MATERIAL FOR THE TASK Block Start

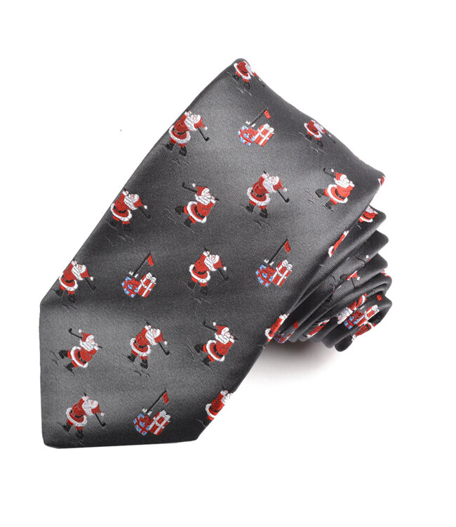 Charcoal Golfing Santa Christmas Tie
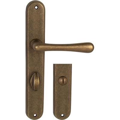 Mosazné kování s plnými klikami, tvarově vhodné například při renovaci historických dobových interiérů. WC set má čtyřhran 4x4 mm + redukce(přechodka) 4/6mm.
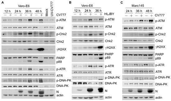PEDV infection activates ATM-dependent DNA damage response. (A) Western blots were prepared with extracts from Vero-E6 cells uninfected or infected with CV777 (0.1 MOI) for 12, 24, 36, and 48 h. The levels of p-ATM (S1981), total ATM, p-Chk2(T68), total Chk2, p-ATR(T1989), total ATR, p-DNA-PK(S2056), total DNA-PK, γH2AX, PEDV N, and actin were determined using their respective antibodies. Vero-E6 cells infected with UV-inactivated CV777 (0.1 MOI) for 48 h were used as the negative control. (B) Western blots were prepared with extracts from Vero-E6 cells uninfected or infected with HLJBY (0.1 MOI) for 12, 24, and 36 h. (C) Western blots were prepared with extracts from Marc145 cells uninfected or infected with CV777 (0.1 MOI) for 24, 36, and 48 h at 0.1 MOI.
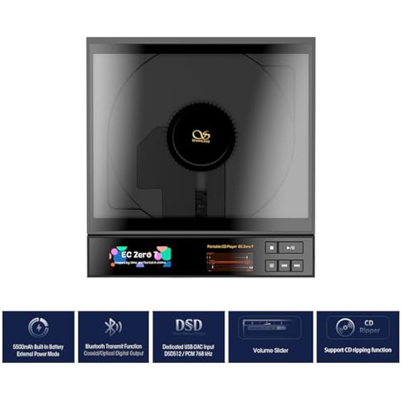 - 【R2R DAC & Dual Tube HiFi CD Player】 SHANLING EC Zero T audiophile CD player combines advanced R2R DAC architecture with dual JAN6418 vacuum tubes, delivering warm, natural analog sound with ultra-low distortion. This unique design offers audiophiles a distinctive musical experience through a portable CD player
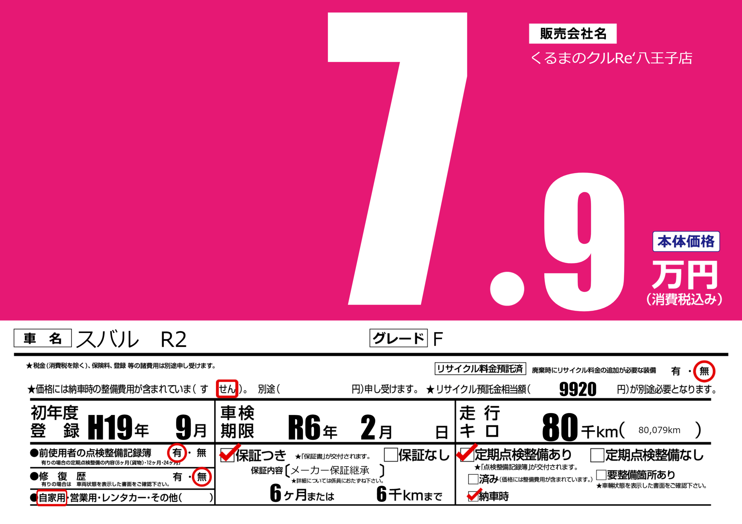 なし | 車検制限 | R6年2月---月 |
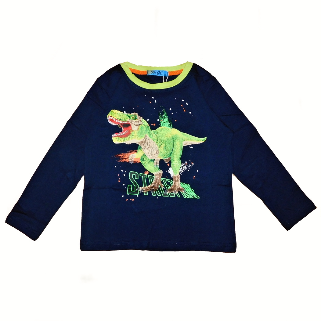 Bavlněné chlapecké tričko od firmy KUGO HC0710Q s dlouhým rukávem a obrázkem dinosaura na předním dílu. Tričko je vyrobeno z příjemného a kvalitního materiálu. Barvy jsou stálobarevné i po mnoha vypráních (máme vyzkoušené u nás doma).
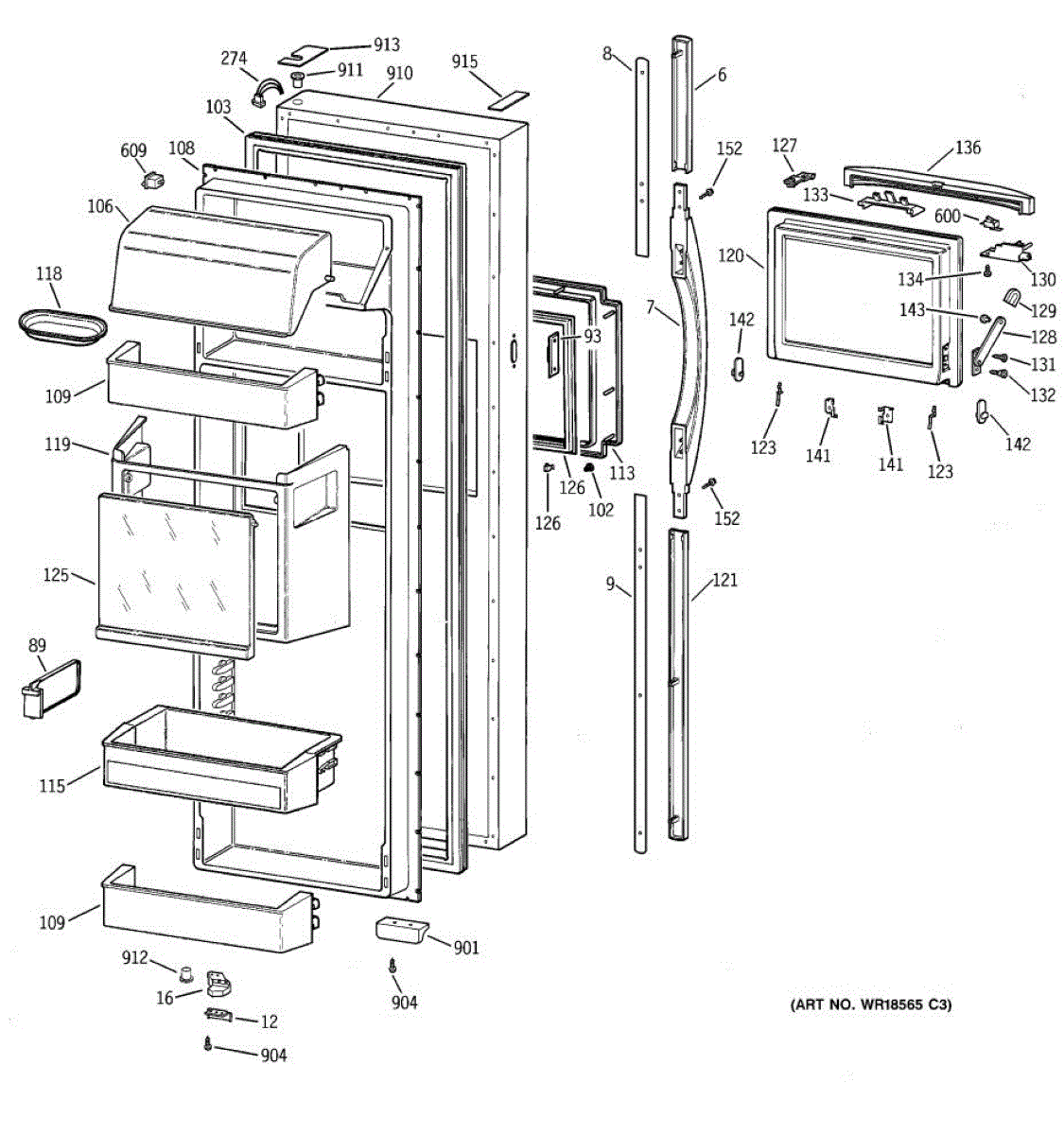 Parts for Ge TFK30PFBCWW: 02 - Fresh Food Door Parts
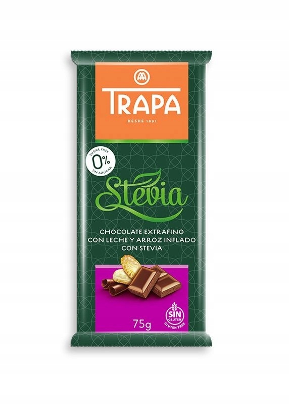 МОЛОЧНЫЙ ШОКОЛАД СО СТЕВИЕЙ ХРУСТЯЩИЙ БЕЗ ГЛЮТЕНА И САХАРА ТРАПА 75 ГРАММ
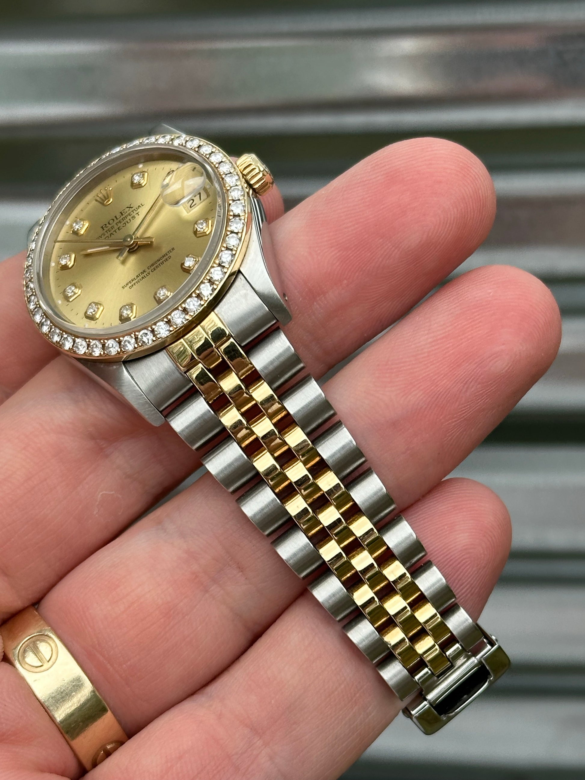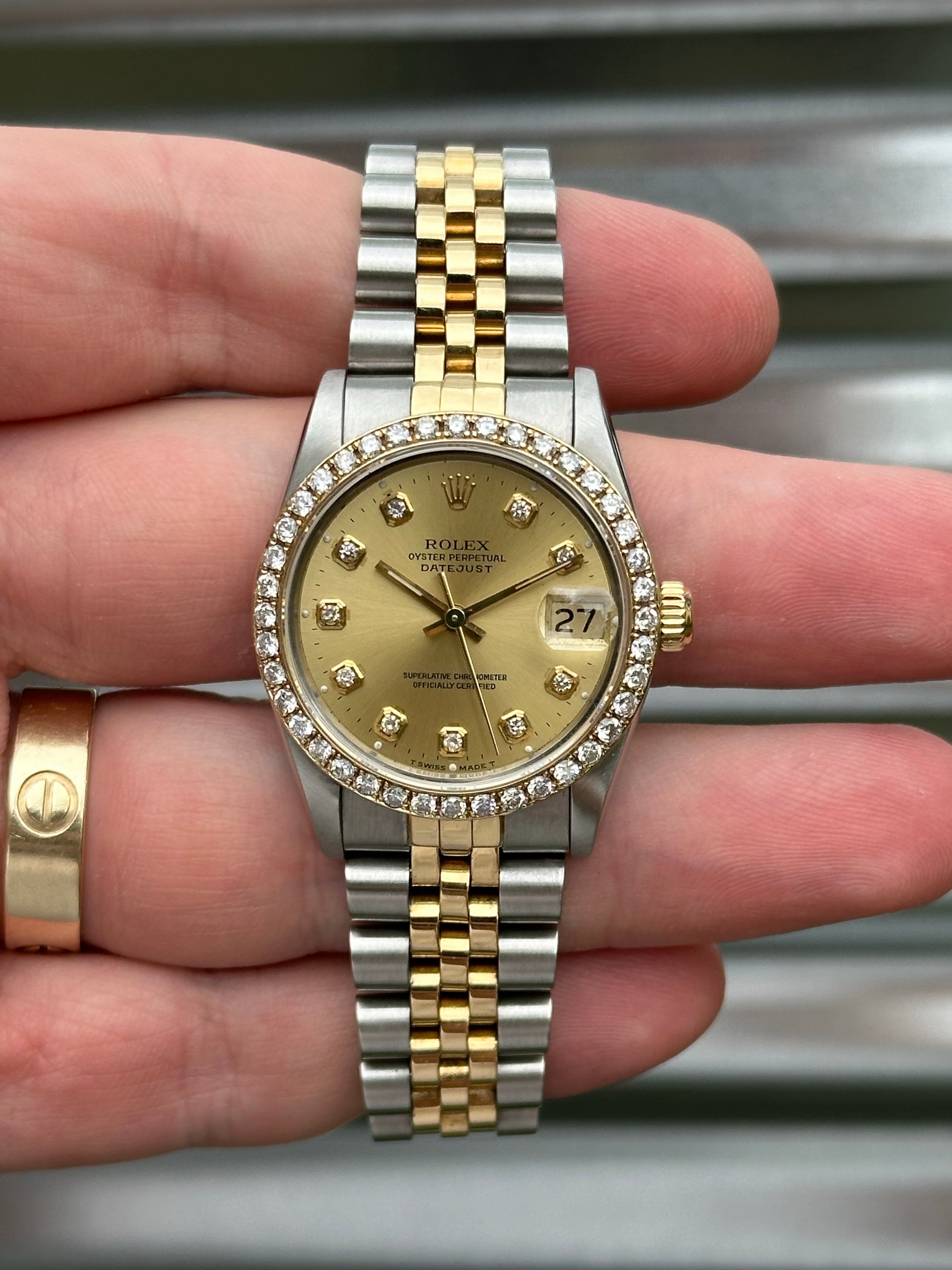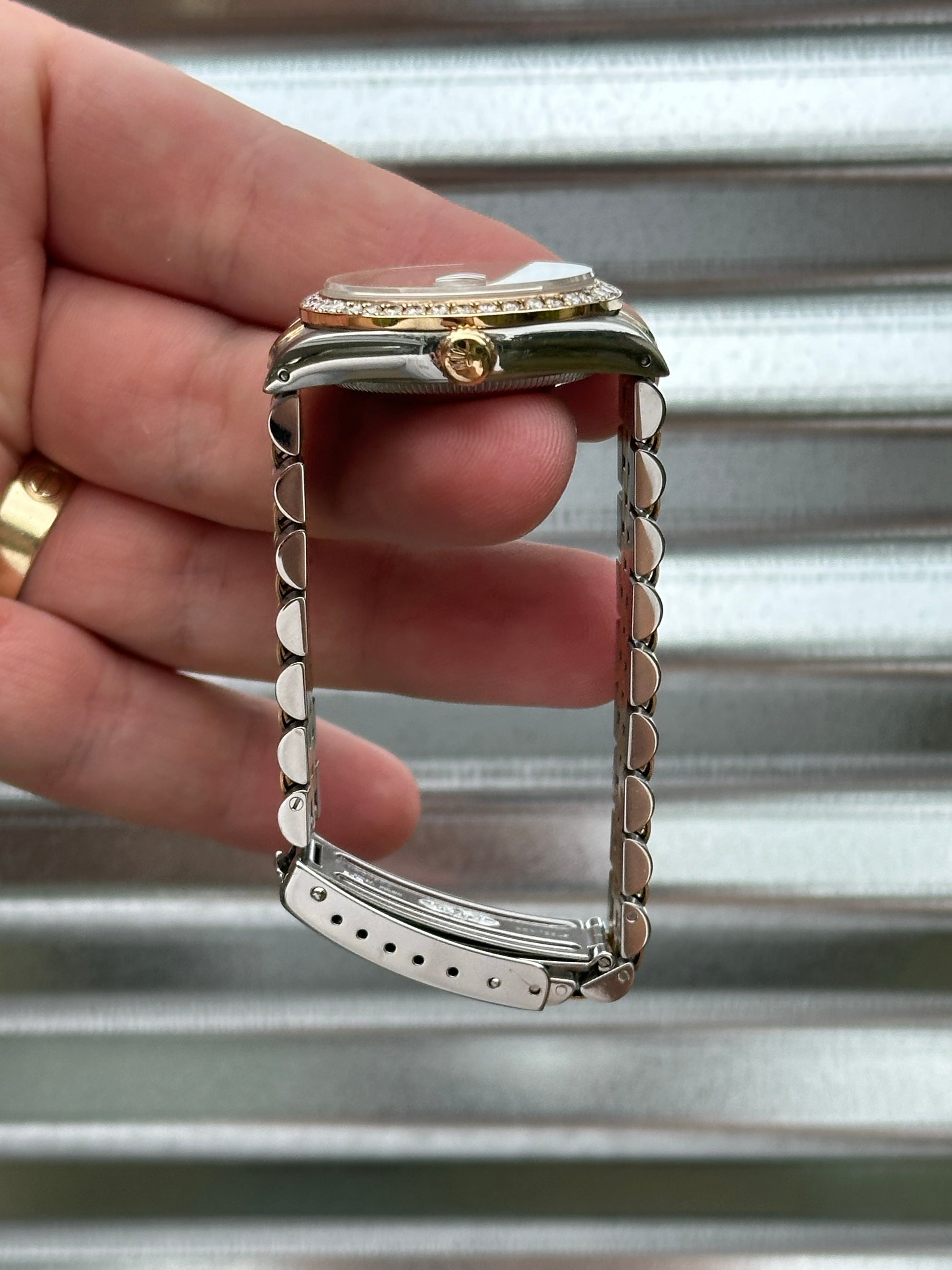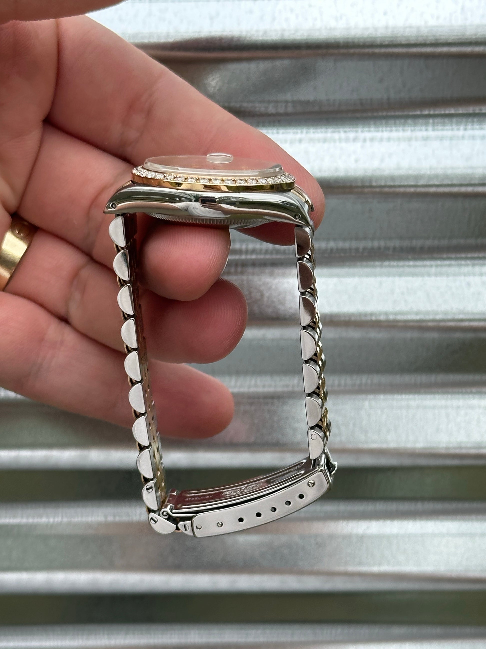 Overall this watch is in very good pre-owned condition. The champagne diamond dial is clean. Sharp case with nice edges, thick lugs, and clean high polish surface on the sides. Holes case. The aftermarket diamond bezel matches well with the diamond dial. Bracelet remains pretty tight. Clean finish on the links. There are 18 links total on the bracelet. Winds smoothly. Overall, a really nice watch that remains in great condition. It would make for a great gift to a loved one!
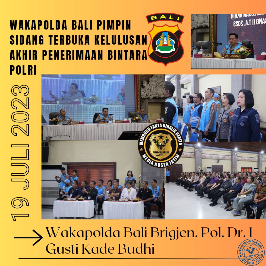 BUSERJATIM.COM || BALI – Didampingi Pejabat Utama (PJU) Polda Bali, Wakapolda Bali, Brigjen. Pol. Dr. I Gusti Kade Budhi Harryarsana, S.I.K., S.H., M.Hum., memimpin sidang terbuka kelulusan akhir penerimaan Bintara Polri Gelombang II T.A. 2023 di gedung Perkasa Raga Garwita (PRG), Rabu (19/7/2023).
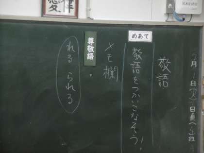 授業のめあては「敬語をつかいこなそう」でした。今日もとても分かりやすく作られた学習プリントが印象的でした。1学期の登校日数もあと14日。がんばろう! 47期生!
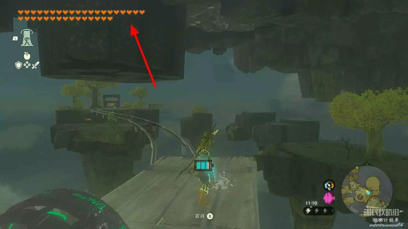 來到最高處空島的中間層,切割藤蔓進入空島內部可以找到水晶。

MATERIAL FOR THE TASK Block End

__WHAT YOU SHOULD DO__:
Write out again the lines from the one with "Parts for Ge" through the end of the records exactly, without any of the pictures.

__EXERCISE OUTPUT__:
 Parts for Ge TFK30PFBCWW: 02 - Fresh Food Door Parts
 МОЛОЧНЫЙ ШОКОЛАД СО СТЕВИЕЙ ХРУСТЯЩИЙ БЕЗ ГЛЮТЕНА И САХАРА ТРАПА 75 ГРАММ
 Overall this watch is in very good pre-owned condition. The champagne diamond dial is clean. Sharp case with nice edges, thick lugs, and clean high polish surface on the sides. Holes case. The aftermarket diamond bezel matches well with the diamond dial. Bracelet remains pretty tight. Clean finish on the links. There are 18 links total on the bracelet. Winds smoothly. Overall, a really nice watch that remains in great condition. It would make for a great gift to a loved one!
 BUSERJATIM.COM || BALI – Didampingi Pejabat Utama (PJU) Polda Bali, Wakapolda Bali, Brigjen. Pol. Dr. I Gusti Kade Budhi Harryarsana, S.I.K., S.H., M.Hum., memimpin sidang terbuka kelulusan akhir penerimaan Bintara Polri Gelombang II T.A. 2023 di gedung Perkasa Raga Garwita (PRG), Rabu (19/7/2023).
 授業のめあては「敬語をつかいこなそう」でした。今日もとても分かりやすく作られた学習プリントが印象的でした。1学期の登校日数もあと14日。がんばろう! 47期生!
 來到最高處空島的中間層,切割藤蔓進入空島內部可以找到水晶。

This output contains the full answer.